Server Logging This is probably the most common used method. You can set up a link on the site and get the server to visit/host it. Sometimes when you post an image on a site (a forum for example) the server will visit the link to preview it or host it on the forum on its own. We can use this to our advantage, getting the server to visit an IP logger will give us its IP address.
A good example for this would be image IP logging. You can create an image IP logger and embed the image onto the site. If it wants to host the image on its own server, itll have to visit the link to do so. Upon going to your link to retrieve the image, the servers backend should be logged.
Email Resolving You can use an email hosted with the site to find the backend servers IP by looking at it's headers. Youll just have to trigger the site to send an automated email to you.
A good way to do this would just be to simply make an account on the site. Most sites send you some sort of welcome/activation email upon registration.

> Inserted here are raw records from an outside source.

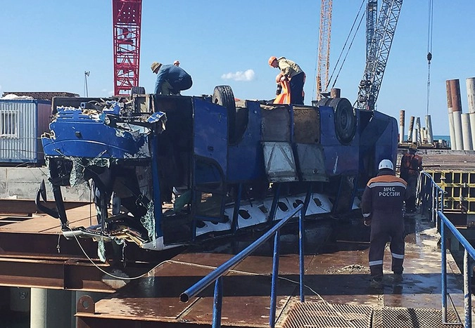 В частности, очевидцы происшествия рассказывают, что водитель автобуса пытался затормозить с помощью коробки передач, но ее разорвало на скорости. В результате автобус развернуло, он ударился о бетонный отбойник строящегося причала и рухнул в море, передает агентство.
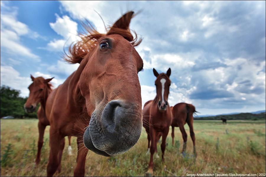 Более того, хотя лошадиная морда устроена не так, как лицо людей (глаза лошади, например, расположены по разным сторонам черепа), многие «выражения лица» у лошадей очень напоминают человеческие.
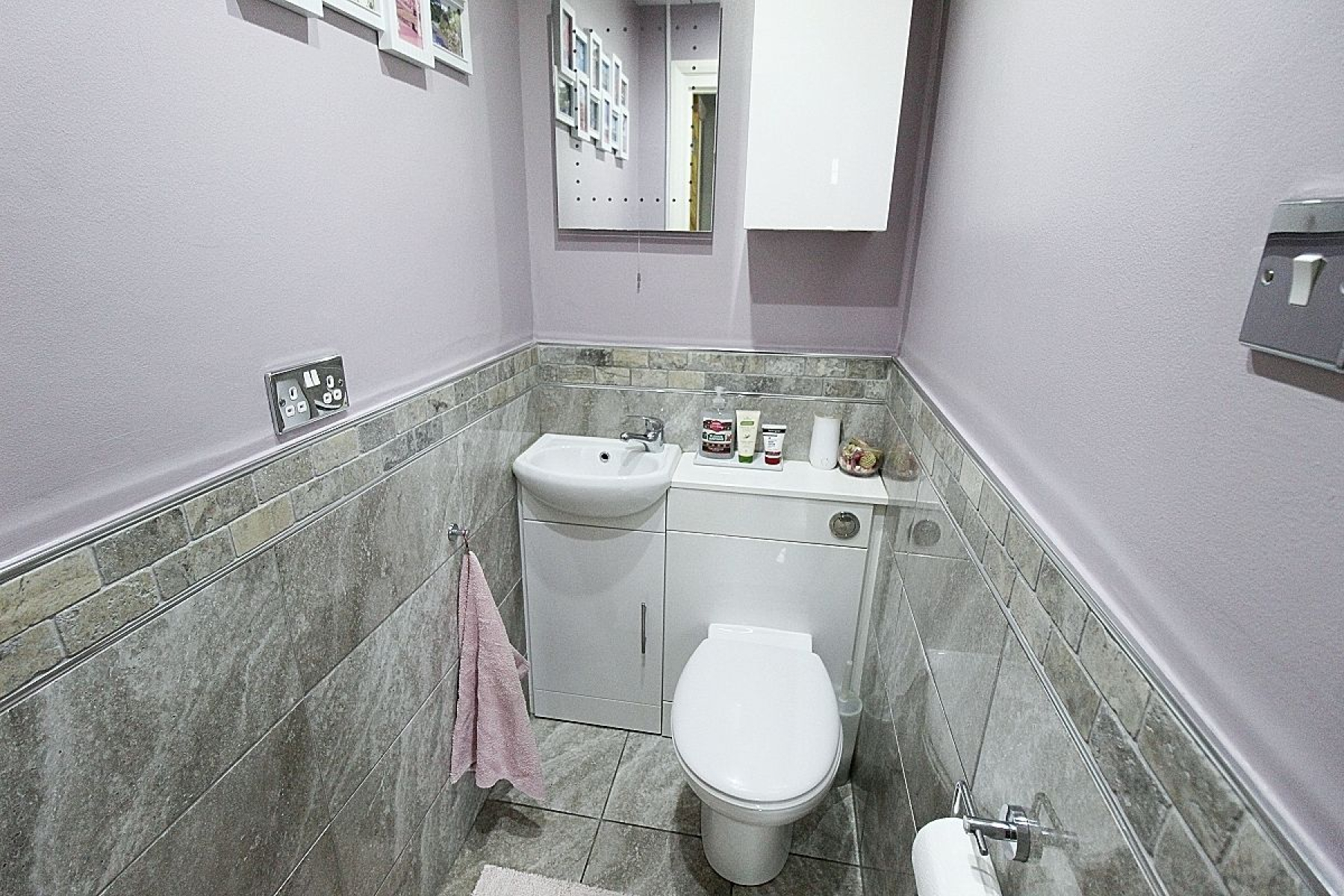 A beautifully presented wc comprising of a vanity unit housing both wc and wash hand basin. Partially tiled walls with complimentary flooring.
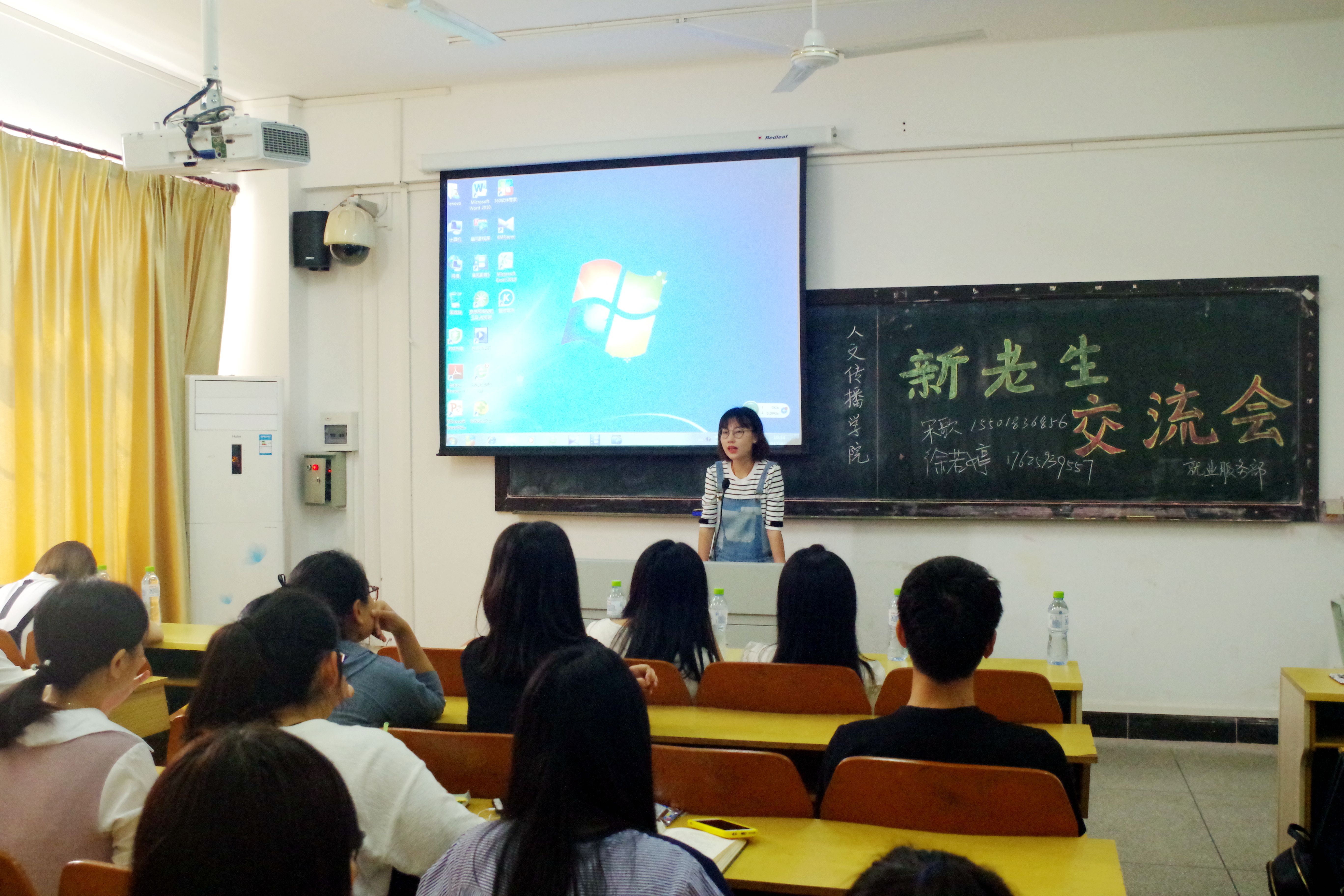 城西校区3A01教室举办了2016级新生职业指导活动月的新老学生交流会。本次活动邀请了2013级的宋歌、徐若婷、胡晓宇、郭雅雯和吴璇五位同学与大一新生进行交流,分享经验,交流会由学生会就业服务部部长许鑫主持。
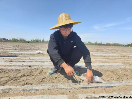 作物化控研究中心研究生第二党支部联合新疆农垦科学院棉花研究所党支部,在新疆棉花试验基地开展“校院协同抢农时”春耕播种党日活动。10余名党员顶着频发风沙和昼夜温差,全程参与机械化铺膜、试验田划线分区和精准播种作业。科研团队使用铺膜机高效完成100亩试验田的覆膜工作,并严格按照试验设计要求进行播种,确保10个试验区的处理分布科学合理。同时,党员们同步完成土壤墒情取样工作,为后续棉花品种优化研究提供可靠数据支撑。
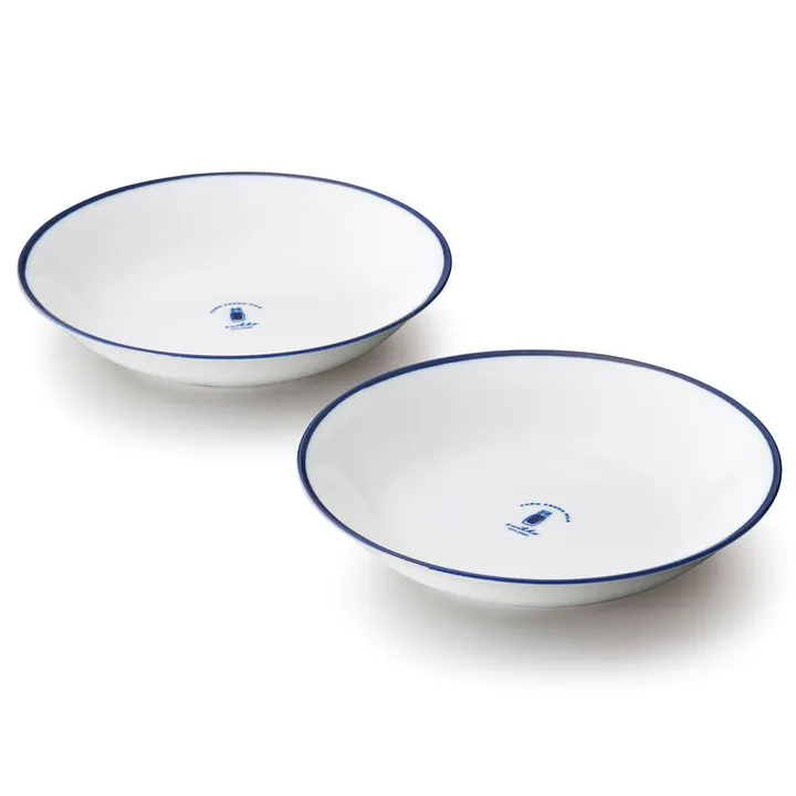 牛乳瓶モチーフのロゴがついたシンプルなデザインのプレートセットです。 お皿の縁のブルーラインが料理のアクセントになります。 手ごろなサイズのディーププレートはシチューなどの汁気のあるお料理はもちろん、サラダやパスタにもおすすめです。 金色のロゴ箔押しが入った化粧箱入りなのでギフトにもおすすめです。
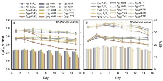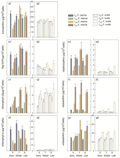 - Hennige, S.J.; Coyne, K.J.; MacIntyre, H.; Liefer, J.; Warner, M.E. The photobiology of Heterosigma akashiwo. Photoacclimation, diurnal periodicity, and its ability to rapidly exploit exposure to high light. J. Phycol. 2013, 49, 349–360. [Google Scholar] [CrossRef]
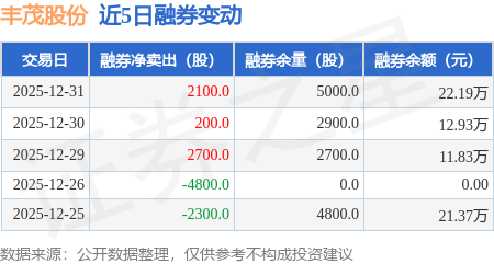 融券方面,当日融券卖出2100.0股,融券偿还0.0股,融券净卖出2100.0股,融券余量5000.0股,近3个交易日已连续净卖出累计5000.0股。
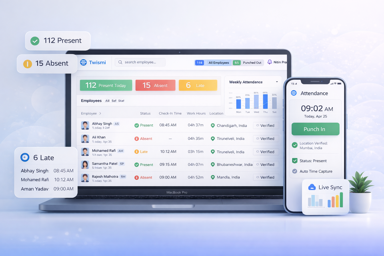 Enable mobile- based punch- in and Punch -out with real time and GPS location capture. Prevent Proxy attendance and ensure accurate work- hour tracking with live verification and centralized monitoring.
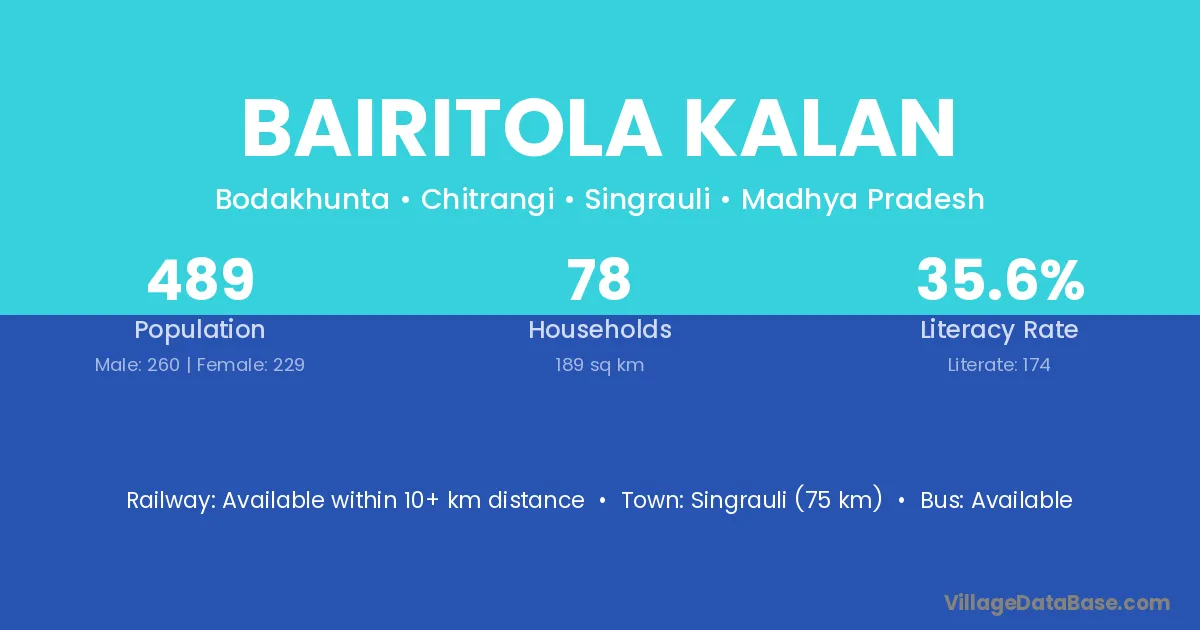 Singrauli (75 km) is the nearest town to Bairitola Kalan village for major economic activities and is located approximately 75 km away.
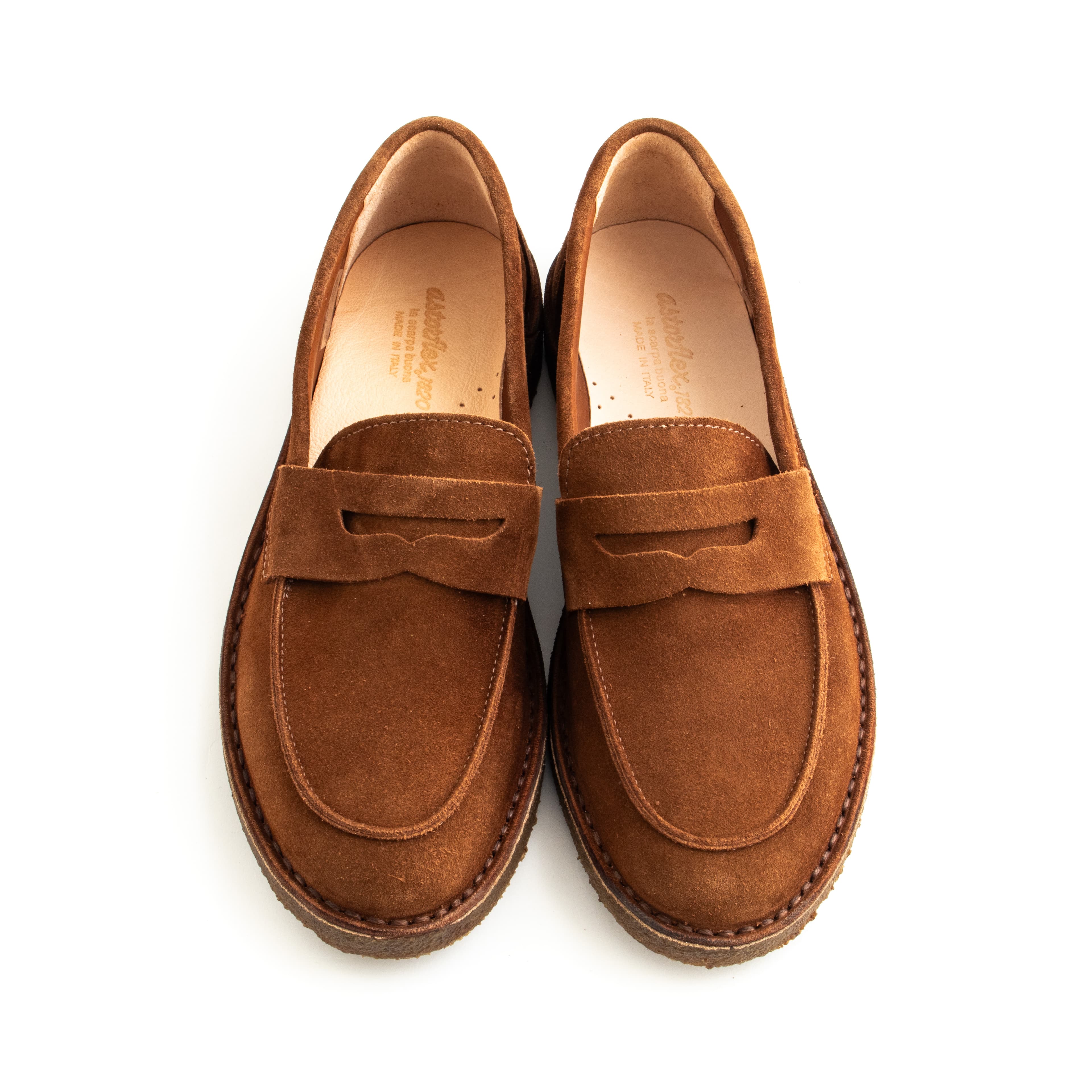The Saddleflex is a soft, flexible penny loafer handmade by Astorflex in Italy. With comfortable natural rubber soles and supple suede uppers, they’re easy to wear with soft, casual tailoring or jeans and a t-shirt.
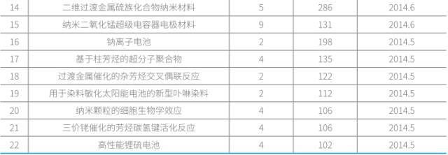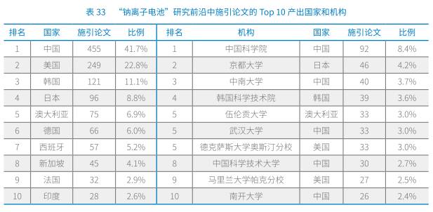 统计结果显示(含新兴前沿中的“钠离子电池”),无论是施引论文还是核心论文,该领域的研究主要出自中国、美国、韩国和日本等国家。排名前列的机构包括中国科学院、日本的京都大学、中国的中南大学和韩国科学技术院。中国在该领域的主要研究机构有中国科学院、中南大学、南开大学等。中国科学院物理研究所胡勇胜教授的研究成果是核心论文之一。
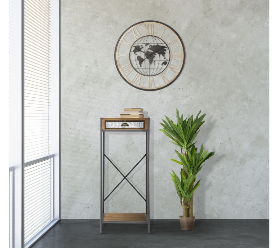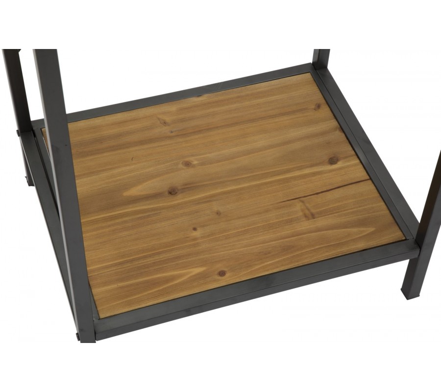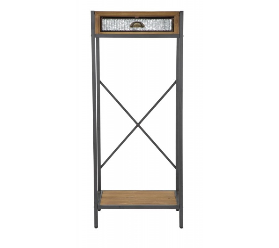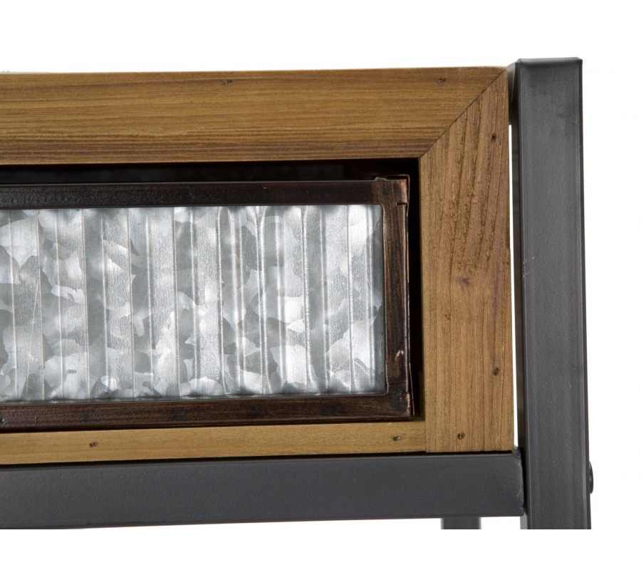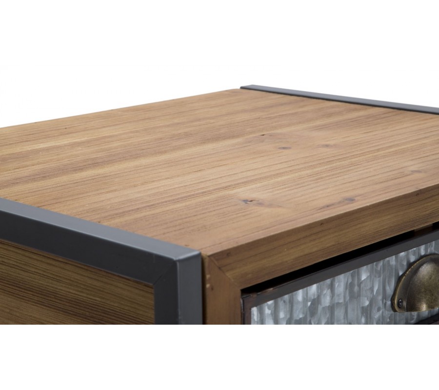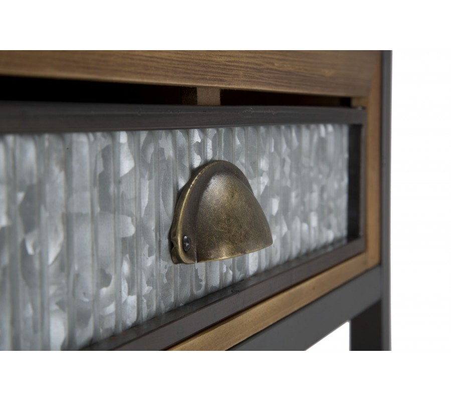 V hornej časti sa nachádza jedna praktická zásuvka, ktorej čelo tvorí zaujímavá kombinácia plechovej výplne s jemným reliéfom a rámu z prírodného dreva. Estetiku dotvára oblá kovová úchytka, ktorá evokuje industriálne rukoväte z minulého storočia. Dolná polica je vyrobená z masívneho dreva s prírodnou kresbou, čo vytvára harmonický kontrast k surovej kovovej konštrukcii.
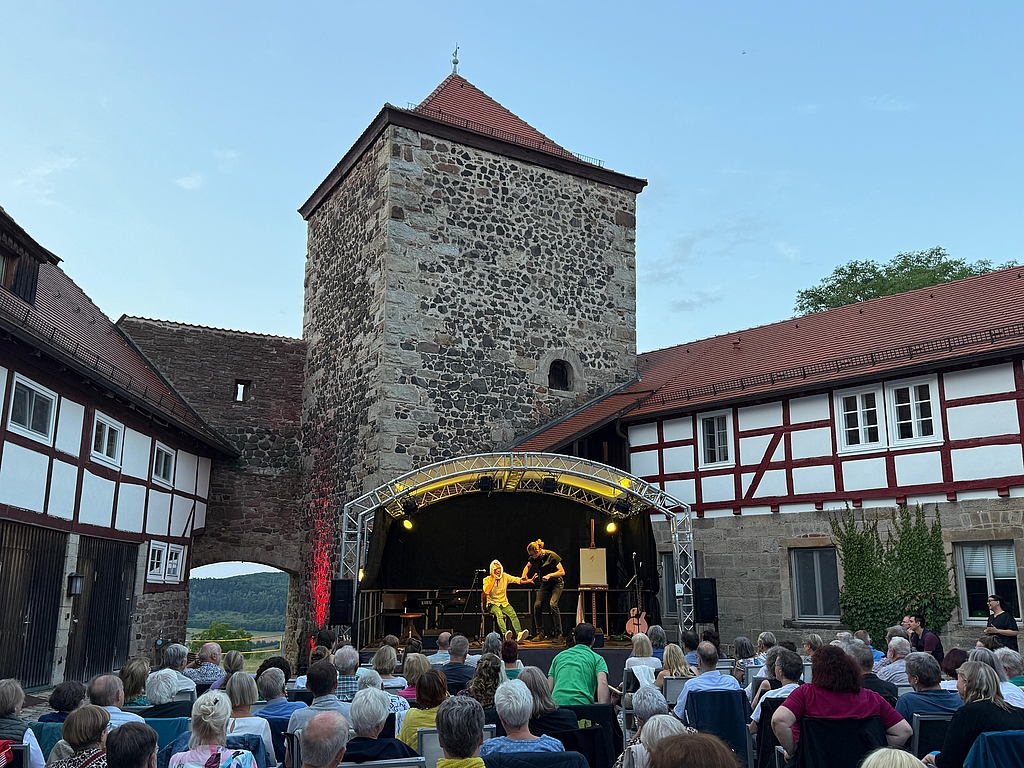 Kabarett ist längst mehr als politischer Witz mit Zeigefinger – das bewies die Kabarettnacht auf Burg Fürsteneck eindrucksvoll. Mehr als zwei Stunden lang boten Teilnehmende der diesjährigen Kabarettakademie ein abwechslungsreiches Potpourri aus Satire, Comedy, Musik und Performance. Vom Solo bis zur absurden Rollator-Improvisation reichte das Spektrum – und gerade diese Vielfalt begeisterte das Publikum.
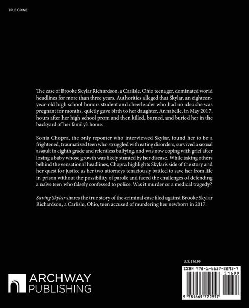 The case of Brooke Skylar Richardson, a Carlisle, Ohio teenager, dominated world headlines for more than three years. Authorities alleged that Skylar, an eighteen-year-old high school honors student and cheerleader who had no idea she was pregnant for months, quietly gave birth to her daughter, Annabelle, in May 2017, hours after her high school prom and then killed, burned, and buried her in the backyard of her family's home. Sonia Chopra, the only reporter who interviewed Skylar, found her to be a frightened, traumatized teen who struggled with eating disorders, survived a sexual assault in eighth grade and relentless bullying, and was now coping with grief after losing a baby whose growth was likely stunted by her disease. While taking others behind the sensational headlines, Chopra highlights Skylar's side of the story and her quest for justice as her two attorneys tenaciously battled to save her from life in prison without the possibility of parole and faced the challenges of defending a naïve teen who falsely confessed to police. Was it murder or a medical tragedy? Saving Skylar shares the true story of the criminal case filed against Brooke Skylar Richardson, a Carlisle, Ohio, teen accused of murdering her newborn in 2017.

Doing a password reset also works.
Hosting History If the site has been hosted on it's actual IP for a while prior to using a firewall, it's possible that bots have accessed it before and cached the information. Look up the site's hosting history and you might be able to find something.
Subdomain Resolving The site could have subdomains whose records are under the real server's IP and not protected by the firewall. Try resolving the subdomains instead.
E.g. connecting to example.com will have an IP address belonging to Cloudflare, but mail.example.com is not protected by Cloudflare. Use that to your advantage.